In recent years, cognitive models based on the mathematical framework of Quantum Theory (QT) have been proposed to model, predict and provide a conceptual explanation of many of the above-mentioned irrational behaviours, where the uncertainty created in the human cognitive system interferes with the decisions in ways which is similar to that in quantum systems. When applied to model human decisions, QT extends the norms of rationality by generalising classical probability and vector space models (VSM), as complex-valued spaces (called Hilbert space) where the usage of complex numbers carries additional contextual information, which when combined with the rules of probability calculation in QT, helps us model interference between different decisions or decision criteria.
However, so far a systematic empirical investigation on irrational behaviours in online decision making is missing, especially in interactions where it is important to model user behaviours in order to drive more accurate predictions or augment decisions based on QT as a generalisation of classical logic and probability theory. It might be due to a flaw in existing data collection methodologies. For example, common practice while collecting labels for different classes is to reject annotator disagreement as noise and fix one class label for a given object which has been judged by the majority of annotators. It should possible that both labels exist for the object at the same time, and the disagreement between annotators is due to their different contexts which leads to different semantic interpretations of the same information object.
This project aims to address this problem by empirical studies to capture irrational user behaviours in online decision-making. The key is to design protocols for data collection and annotation which take into account dynamic contexts and enable the possibility of irrational decision-making. Take sentiment classification as an example. One way would be to setup different contexts. For example, while evaluating a document, the order of paragraphs or ideas could be changed in a way that changes the sentiment or creates conflicting evidence for different sentiment labels. Another way could be to prime the users differently for a given text or image. For example, showing a highly negative text or image first may make a neutral text or image appear positive in comparison. In addition, we may also create texts or images which have content expressing all possible sentiments with respect to different aspects. The ultiumate goal is to explore how the classical norms of rationality are violated and can the underlying cognitive structure be modelled using quantum mathematics (e.g., using complex-valued Hilbert spaces, projection operators for calculating probabilities, tensor products) or conceptually augmented using features from QT (e.g., superposition, interference, contextuality).
Skills Required:
Good undergraduate degree (2.1 or above) or Master degree in Computing, ideally with experience in natural language processing and information retrieval.
Background Reading:
Uprety, S., Gkoumas, D., Song, D. (2020). A Survey of Quantum Theory Inspired Approaches to Information Retrieval. ACM Computing Surveys. 53(5), Article 98.
Uprety, S., Dehdashti, S., Fell, L., Bruza, P.D., and Song, D. (2019). Modelling Dynamic Interactions Between Relevance Dimensions. ICTIR2019, 35-42.

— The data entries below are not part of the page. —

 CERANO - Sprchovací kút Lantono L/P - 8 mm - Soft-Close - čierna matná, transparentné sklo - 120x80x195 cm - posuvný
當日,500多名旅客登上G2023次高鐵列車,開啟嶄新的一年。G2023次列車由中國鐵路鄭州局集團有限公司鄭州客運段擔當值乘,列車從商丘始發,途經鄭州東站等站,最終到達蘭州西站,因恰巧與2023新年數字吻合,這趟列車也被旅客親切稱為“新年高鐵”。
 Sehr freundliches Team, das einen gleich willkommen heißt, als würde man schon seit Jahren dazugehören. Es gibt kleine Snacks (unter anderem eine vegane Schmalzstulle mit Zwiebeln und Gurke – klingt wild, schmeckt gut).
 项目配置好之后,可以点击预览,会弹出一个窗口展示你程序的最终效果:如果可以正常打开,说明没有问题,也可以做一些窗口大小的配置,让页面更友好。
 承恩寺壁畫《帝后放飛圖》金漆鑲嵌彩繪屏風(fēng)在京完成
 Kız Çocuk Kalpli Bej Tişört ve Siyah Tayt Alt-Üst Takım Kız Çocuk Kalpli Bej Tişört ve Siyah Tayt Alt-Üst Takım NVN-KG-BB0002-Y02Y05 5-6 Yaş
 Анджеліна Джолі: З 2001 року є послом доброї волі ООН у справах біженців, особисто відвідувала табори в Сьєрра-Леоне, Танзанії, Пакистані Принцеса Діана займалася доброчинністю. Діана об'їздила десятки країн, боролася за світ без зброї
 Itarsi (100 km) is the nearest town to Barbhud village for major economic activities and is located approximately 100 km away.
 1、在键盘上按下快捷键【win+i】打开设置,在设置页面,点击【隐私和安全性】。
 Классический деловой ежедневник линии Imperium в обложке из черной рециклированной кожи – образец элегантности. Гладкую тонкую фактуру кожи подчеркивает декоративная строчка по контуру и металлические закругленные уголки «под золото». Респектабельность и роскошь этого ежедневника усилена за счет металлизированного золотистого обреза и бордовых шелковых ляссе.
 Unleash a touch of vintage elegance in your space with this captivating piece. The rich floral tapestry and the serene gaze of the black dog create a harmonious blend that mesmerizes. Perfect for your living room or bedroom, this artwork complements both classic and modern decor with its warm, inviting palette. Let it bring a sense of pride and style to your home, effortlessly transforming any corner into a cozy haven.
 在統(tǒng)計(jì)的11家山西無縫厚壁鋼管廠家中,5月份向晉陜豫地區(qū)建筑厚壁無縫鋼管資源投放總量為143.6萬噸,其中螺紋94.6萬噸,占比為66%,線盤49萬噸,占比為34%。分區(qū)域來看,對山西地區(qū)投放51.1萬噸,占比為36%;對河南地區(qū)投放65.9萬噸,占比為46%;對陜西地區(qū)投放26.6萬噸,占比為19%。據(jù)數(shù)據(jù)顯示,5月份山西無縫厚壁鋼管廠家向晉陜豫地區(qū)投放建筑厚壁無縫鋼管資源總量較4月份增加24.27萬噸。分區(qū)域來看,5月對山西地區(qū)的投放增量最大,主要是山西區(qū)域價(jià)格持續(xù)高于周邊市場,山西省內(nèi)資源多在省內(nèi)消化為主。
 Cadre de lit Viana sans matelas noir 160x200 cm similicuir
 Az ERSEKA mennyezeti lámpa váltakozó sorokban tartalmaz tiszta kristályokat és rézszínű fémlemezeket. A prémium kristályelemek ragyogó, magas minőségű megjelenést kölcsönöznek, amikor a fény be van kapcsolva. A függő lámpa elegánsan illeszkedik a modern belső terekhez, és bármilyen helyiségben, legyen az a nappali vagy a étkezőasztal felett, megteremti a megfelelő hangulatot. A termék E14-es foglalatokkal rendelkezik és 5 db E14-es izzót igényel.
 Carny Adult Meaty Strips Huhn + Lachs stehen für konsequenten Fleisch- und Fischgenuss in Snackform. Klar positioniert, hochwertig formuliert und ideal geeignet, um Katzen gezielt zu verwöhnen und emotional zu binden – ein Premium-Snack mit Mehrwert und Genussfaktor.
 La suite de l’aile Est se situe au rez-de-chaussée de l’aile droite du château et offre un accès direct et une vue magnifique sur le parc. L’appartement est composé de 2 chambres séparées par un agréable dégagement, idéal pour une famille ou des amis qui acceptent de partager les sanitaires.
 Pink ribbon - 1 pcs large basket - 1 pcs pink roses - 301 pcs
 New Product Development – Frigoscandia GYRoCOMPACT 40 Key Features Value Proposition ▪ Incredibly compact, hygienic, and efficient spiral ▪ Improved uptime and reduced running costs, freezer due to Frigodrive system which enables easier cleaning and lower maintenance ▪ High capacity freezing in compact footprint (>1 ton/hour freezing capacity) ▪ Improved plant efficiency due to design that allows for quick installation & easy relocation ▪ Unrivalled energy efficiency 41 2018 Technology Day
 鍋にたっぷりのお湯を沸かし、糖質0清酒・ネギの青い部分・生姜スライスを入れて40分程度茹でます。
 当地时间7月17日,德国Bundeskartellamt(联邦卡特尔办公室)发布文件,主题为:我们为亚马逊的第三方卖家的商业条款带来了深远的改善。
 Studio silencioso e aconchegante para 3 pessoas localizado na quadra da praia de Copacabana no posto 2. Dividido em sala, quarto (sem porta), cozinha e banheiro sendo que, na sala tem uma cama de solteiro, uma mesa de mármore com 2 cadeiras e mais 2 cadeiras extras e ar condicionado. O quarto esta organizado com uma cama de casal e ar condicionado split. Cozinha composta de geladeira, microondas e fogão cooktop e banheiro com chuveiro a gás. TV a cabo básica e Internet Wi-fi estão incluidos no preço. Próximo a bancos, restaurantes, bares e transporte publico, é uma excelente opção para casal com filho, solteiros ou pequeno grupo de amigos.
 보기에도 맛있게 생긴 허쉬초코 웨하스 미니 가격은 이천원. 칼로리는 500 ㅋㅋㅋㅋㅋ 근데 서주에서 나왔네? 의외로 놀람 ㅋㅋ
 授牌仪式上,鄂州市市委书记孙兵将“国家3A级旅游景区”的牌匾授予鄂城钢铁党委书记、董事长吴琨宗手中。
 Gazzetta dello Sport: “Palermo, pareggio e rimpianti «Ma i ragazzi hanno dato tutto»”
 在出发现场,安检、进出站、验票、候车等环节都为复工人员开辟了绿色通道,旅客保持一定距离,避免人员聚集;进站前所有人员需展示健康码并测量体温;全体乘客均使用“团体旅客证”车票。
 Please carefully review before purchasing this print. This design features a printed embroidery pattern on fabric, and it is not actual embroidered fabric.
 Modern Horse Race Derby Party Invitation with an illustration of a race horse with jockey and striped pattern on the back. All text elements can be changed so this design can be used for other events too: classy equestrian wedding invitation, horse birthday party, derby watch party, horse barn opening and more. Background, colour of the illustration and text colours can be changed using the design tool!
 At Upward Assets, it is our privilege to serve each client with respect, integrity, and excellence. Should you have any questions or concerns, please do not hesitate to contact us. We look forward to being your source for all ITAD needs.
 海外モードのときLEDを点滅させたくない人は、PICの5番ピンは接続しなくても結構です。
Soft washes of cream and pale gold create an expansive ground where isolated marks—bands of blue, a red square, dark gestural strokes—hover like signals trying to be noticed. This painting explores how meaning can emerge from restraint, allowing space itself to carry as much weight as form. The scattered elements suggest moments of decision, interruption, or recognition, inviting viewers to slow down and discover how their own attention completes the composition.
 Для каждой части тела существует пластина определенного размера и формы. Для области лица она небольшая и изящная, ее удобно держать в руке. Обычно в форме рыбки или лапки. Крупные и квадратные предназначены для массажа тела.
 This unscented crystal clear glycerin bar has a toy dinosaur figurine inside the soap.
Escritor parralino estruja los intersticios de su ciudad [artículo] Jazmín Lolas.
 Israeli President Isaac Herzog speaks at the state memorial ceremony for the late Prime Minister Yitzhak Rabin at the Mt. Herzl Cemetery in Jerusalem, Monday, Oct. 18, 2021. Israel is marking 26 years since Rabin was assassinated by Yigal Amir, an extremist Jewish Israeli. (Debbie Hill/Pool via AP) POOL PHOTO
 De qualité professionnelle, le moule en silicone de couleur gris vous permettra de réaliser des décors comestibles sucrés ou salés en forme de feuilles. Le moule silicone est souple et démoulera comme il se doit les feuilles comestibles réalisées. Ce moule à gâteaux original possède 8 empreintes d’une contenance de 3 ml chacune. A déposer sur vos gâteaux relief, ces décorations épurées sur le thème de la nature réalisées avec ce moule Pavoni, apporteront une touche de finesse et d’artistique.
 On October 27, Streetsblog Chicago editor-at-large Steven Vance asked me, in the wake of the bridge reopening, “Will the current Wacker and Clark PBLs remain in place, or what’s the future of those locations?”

Uprety, S., Tiwari, P., Dehdashti, S., Fell, L., Song, D., Bruza, P.D., and Melucci, M. (2020). Quantum-like Structure in Multidimensional Relevance Judgements. ECIR2020, 728-742.
Liu, Y., Zhang, Y., Li, Q., Wang, B., Song, D. (2021). What Does Your Smile Mean? Jointly Detecting Multi-Modal Sarcasm and Sentiment Using Quantum Probability. Findings of the 2021 Conference on Empirical Methods in Natural Language Processing (EMNLP2021).